• Task input:
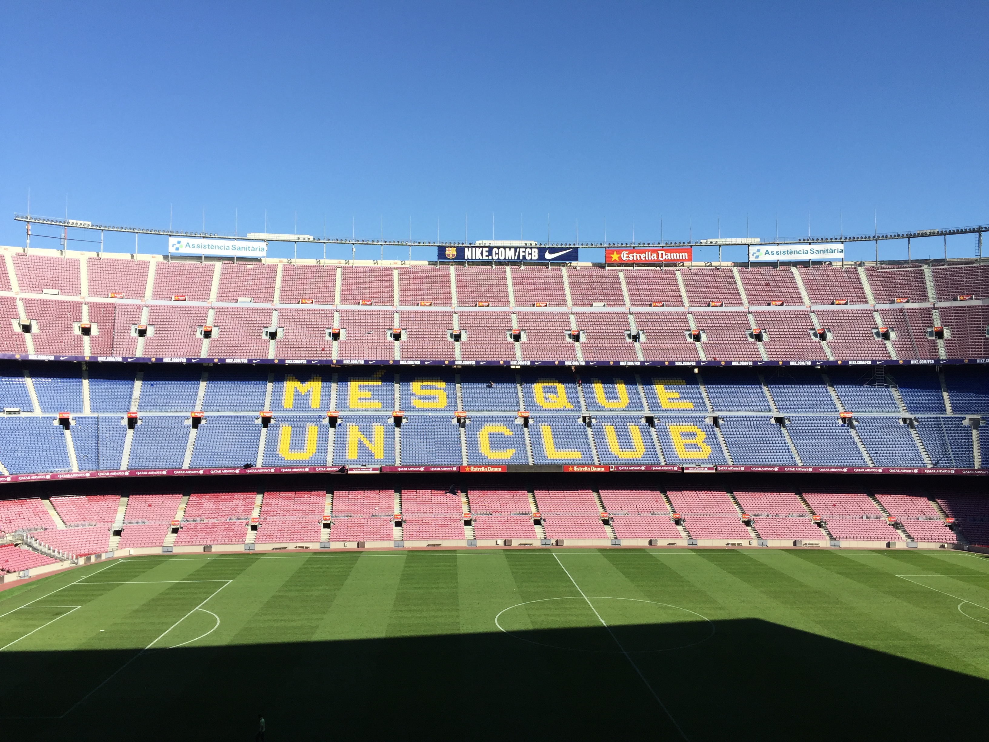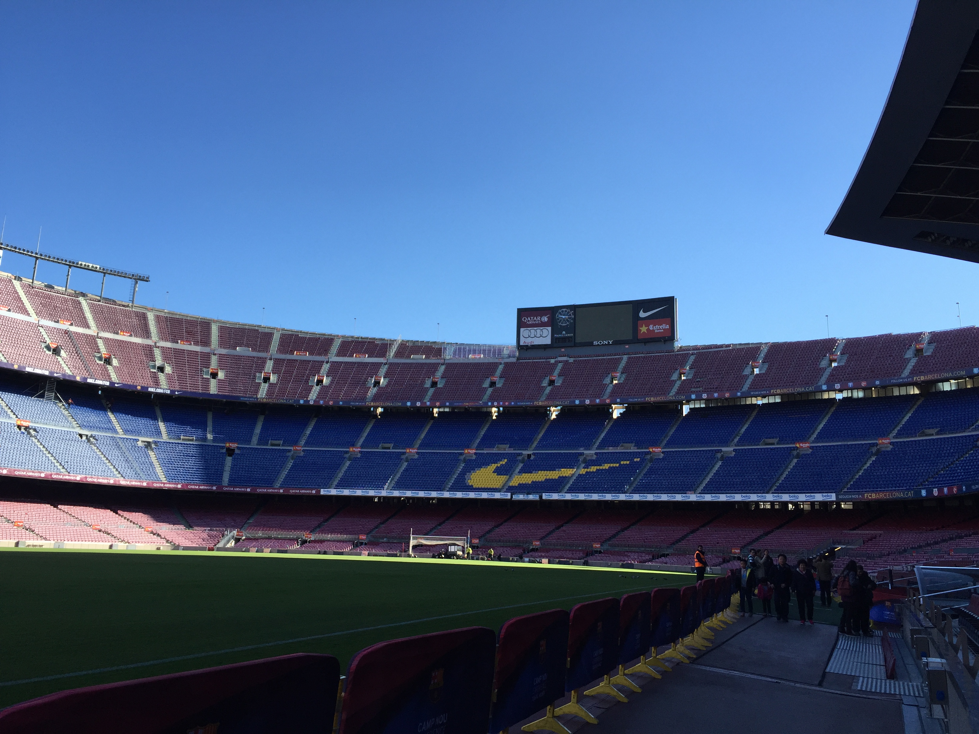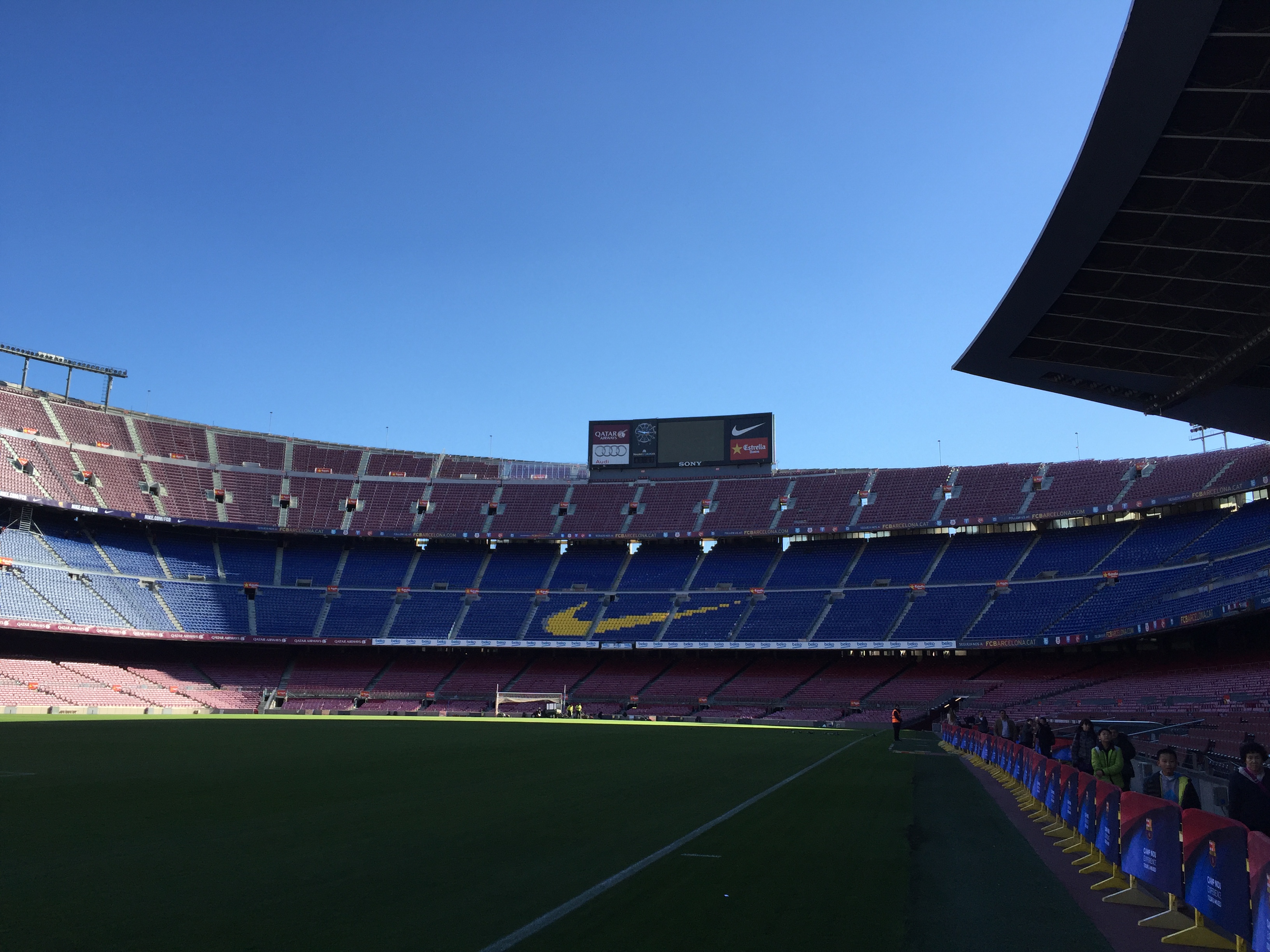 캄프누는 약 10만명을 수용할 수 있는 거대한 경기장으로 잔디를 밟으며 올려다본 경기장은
--
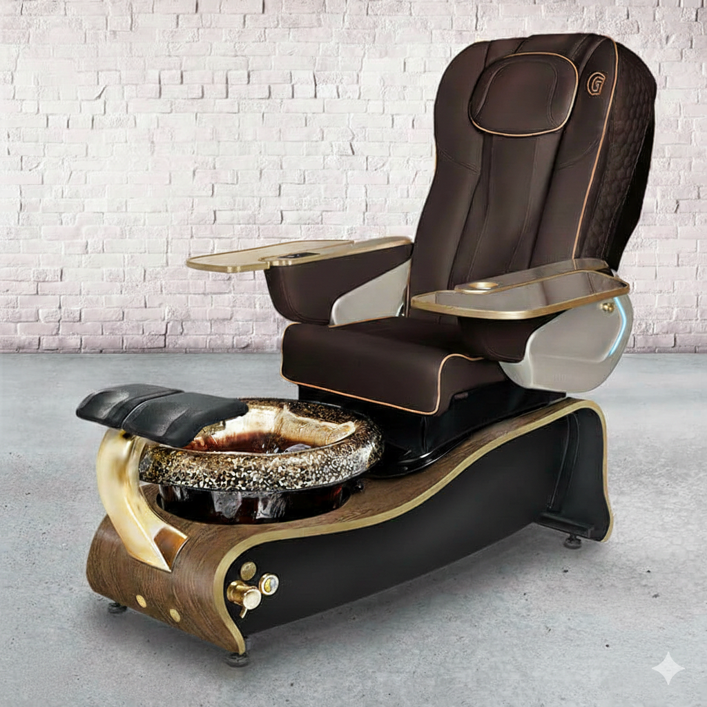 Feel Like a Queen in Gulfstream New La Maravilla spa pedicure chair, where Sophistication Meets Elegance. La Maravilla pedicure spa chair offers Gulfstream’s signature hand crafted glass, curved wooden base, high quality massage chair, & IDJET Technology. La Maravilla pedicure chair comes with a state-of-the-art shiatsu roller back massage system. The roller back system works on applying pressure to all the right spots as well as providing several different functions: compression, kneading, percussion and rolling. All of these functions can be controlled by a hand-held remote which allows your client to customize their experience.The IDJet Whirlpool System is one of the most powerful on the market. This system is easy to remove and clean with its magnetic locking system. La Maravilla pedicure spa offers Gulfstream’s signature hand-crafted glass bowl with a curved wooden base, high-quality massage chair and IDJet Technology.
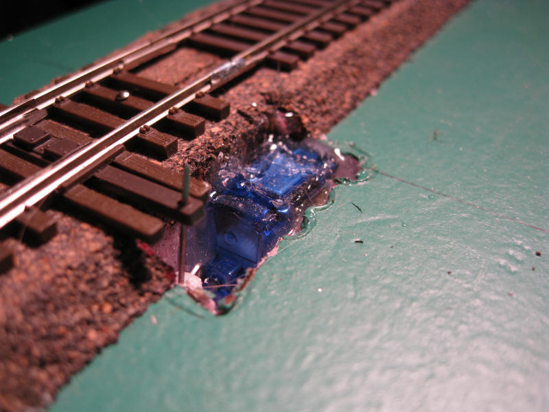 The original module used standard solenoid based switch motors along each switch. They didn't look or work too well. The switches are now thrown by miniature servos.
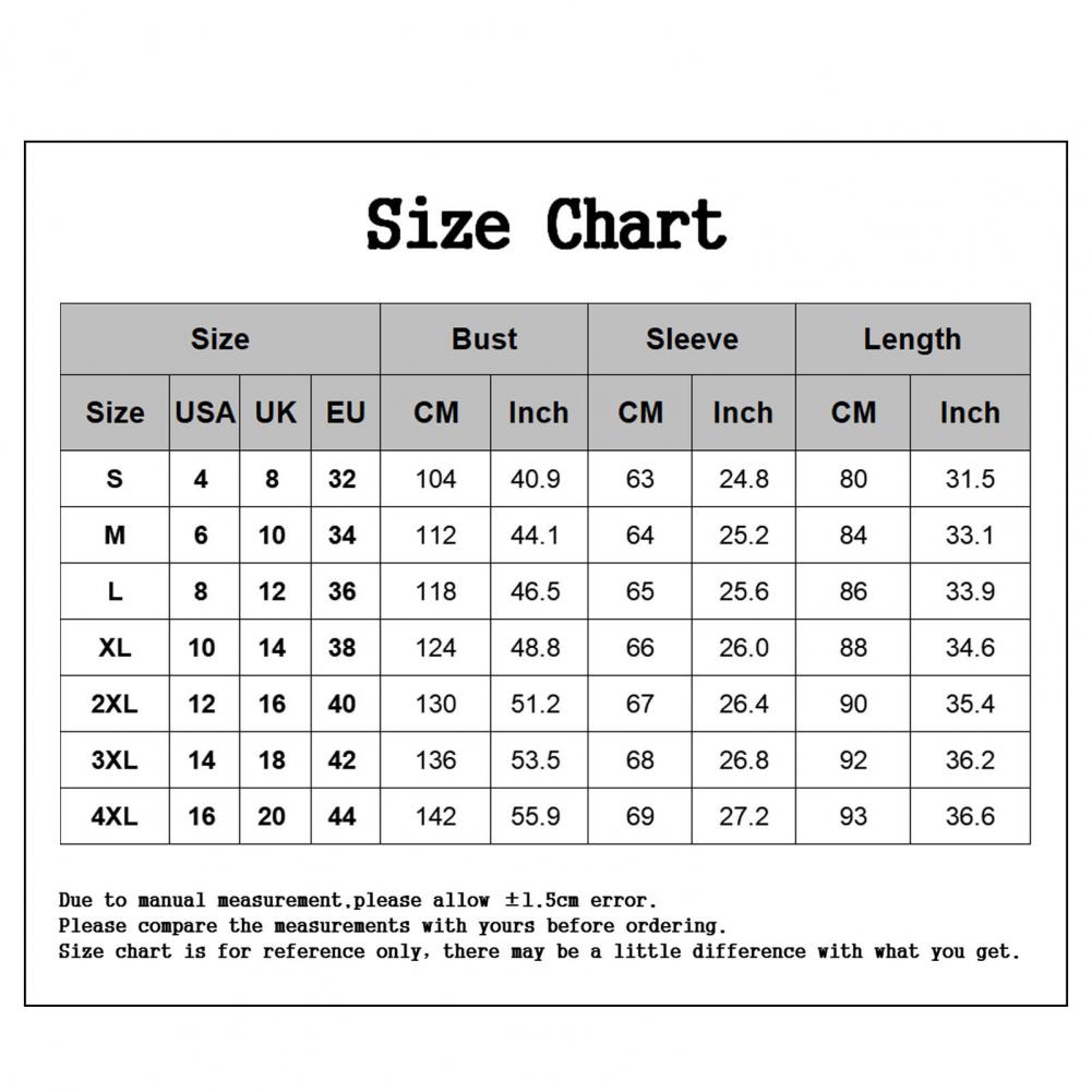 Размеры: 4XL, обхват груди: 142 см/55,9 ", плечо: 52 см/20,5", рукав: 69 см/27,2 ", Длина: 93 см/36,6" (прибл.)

• Assignment:
Exact repeat of the material above: every line from the one with "Feel Like a" through the one with "Размеры: 4XL, обхват", endpoints included, and nothing more. No pictures.

• Task result:
 Feel Like a Queen in Gulfstream New La Maravilla spa pedicure chair, where Sophistication Meets Elegance. La Maravilla pedicure spa chair offers Gulfstream’s signature hand crafted glass, curved wooden base, high quality massage chair, & IDJET Technology. La Maravilla pedicure chair comes with a state-of-the-art shiatsu roller back massage system. The roller back system works on applying pressure to all the right spots as well as providing several different functions: compression, kneading, percussion and rolling. All of these functions can be controlled by a hand-held remote which allows your client to customize their experience.The IDJet Whirlpool System is one of the most powerful on the market. This system is easy to remove and clean with its magnetic locking system. La Maravilla pedicure spa offers Gulfstream’s signature hand-crafted glass bowl with a curved wooden base, high-quality massage chair and IDJet Technology.
 The original module used standard solenoid based switch motors along each switch. They didn't look or work too well. The switches are now thrown by miniature servos.
 Размеры: 4XL, обхват груди: 142 см/55,9 ", плечо: 52 см/20,5", рукав: 69 см/27,2 ", Длина: 93 см/36,6" (прибл.)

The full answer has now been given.